### What is expected
Quote every line below exactly and skip any picture.

======== Data provided ========

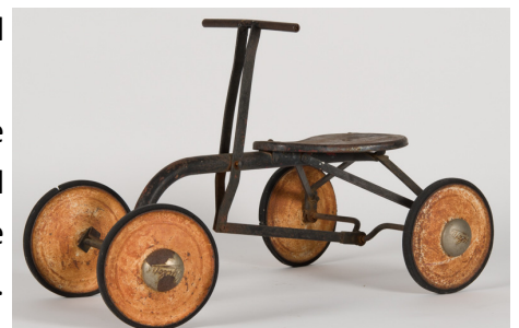
Pictured above is a Wallaby Bike. Designed for children with polio who couldn't use their legs, this bike allowed them to use their arms.

Take the opportunity to explore the museum and experience "Stepping into the Past." Don't miss our newly refurbished bar and entry room, where you'll find three stunning historic photos of the Criterion Hotel on display, adding a unique charm to the area. Throughout the day, enjoy activities such as soap making, spinning, and weaving. Kids will have a blast with the "Find the Object" hunt, the "Try Me" table, and large wooden outdoor games. We look forward to seeing you there!
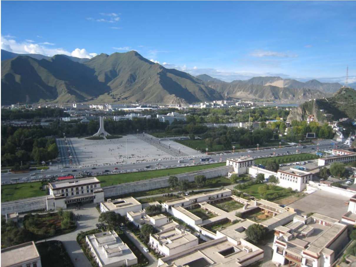
View from the Potala Palace shows railroad bridges and development in western Lhasa.

The central government's investment has not been limited only to the transportation sector. According to Chinese authorities, the government has completed 80% of roughly 225,000 units of "safe and comfortable" housing, designed ultimately to provide modern accommodations for 1.2 million Tibetans. The delegation was taken to one "model village" a short drive outside of Lhasa, where we were invited into an "average" residence that indeed proved to be "safe and comfortable." The Potemkin-like quality of the village – newly constructed in the past few months, with photos of Chinese leader Deng Xiao-ping prominently displayed on the wall, and the presence of a family patriarch whose life story (former serf, PLA soldier, and now a retired grandparent full of gratitude to the PRC) – was emblematic of the story that Beijing wants to tell in Tibet. Yet it could not diminish an important underlying truth: average Tibetans are better housed today than before. Moreover, Tibetans said they were grateful to have housing that is warm and has electric power, running water, and modern appliances. Members of the delegation were able to confirm both the extent of this massive housing initiative, and the generally appreciative Tibetan attitude about it, both in the TAR and in other Tibetan regions.

========

### Solution for this problem
Pictured above is a Wallaby Bike. Designed for children with polio who couldn't use their legs, this bike allowed them to use their arms.

Take the opportunity to explore the museum and experience "Stepping into the Past." Don't miss our newly refurbished bar and entry room, where you'll find three stunning historic photos of the Criterion Hotel on display, adding a unique charm to the area. Throughout the day, enjoy activities such as soap making, spinning, and weaving. Kids will have a blast with the "Find the Object" hunt, the "Try Me" table, and large wooden outdoor games. We look forward to seeing you there!
View from the Potala Palace shows railroad bridges and development in western Lhasa.

The central government's investment has not been limited only to the transportation sector. According to Chinese authorities, the government has completed 80% of roughly 225,000 units of "safe and comfortable" housing, designed ultimately to provide modern accommodations for 1.2 million Tibetans. The delegation was taken to one "model village" a short drive outside of Lhasa, where we were invited into an "average" residence that indeed proved to be "safe and comfortable." The Potemkin-like quality of the village – newly constructed in the past few months, with photos of Chinese leader Deng Xiao-ping prominently displayed on the wall, and the presence of a family patriarch whose life story (former serf, PLA soldier, and now a retired grandparent full of gratitude to the PRC) – was emblematic of the story that Beijing wants to tell in Tibet. Yet it could not diminish an important underlying truth: average Tibetans are better housed today than before. Moreover, Tibetans said they were grateful to have housing that is warm and has electric power, running water, and modern appliances. Members of the delegation were able to confirm both the extent of this massive housing initiative, and the generally appreciative Tibetan attitude about it, both in the TAR and in other Tibetan regions.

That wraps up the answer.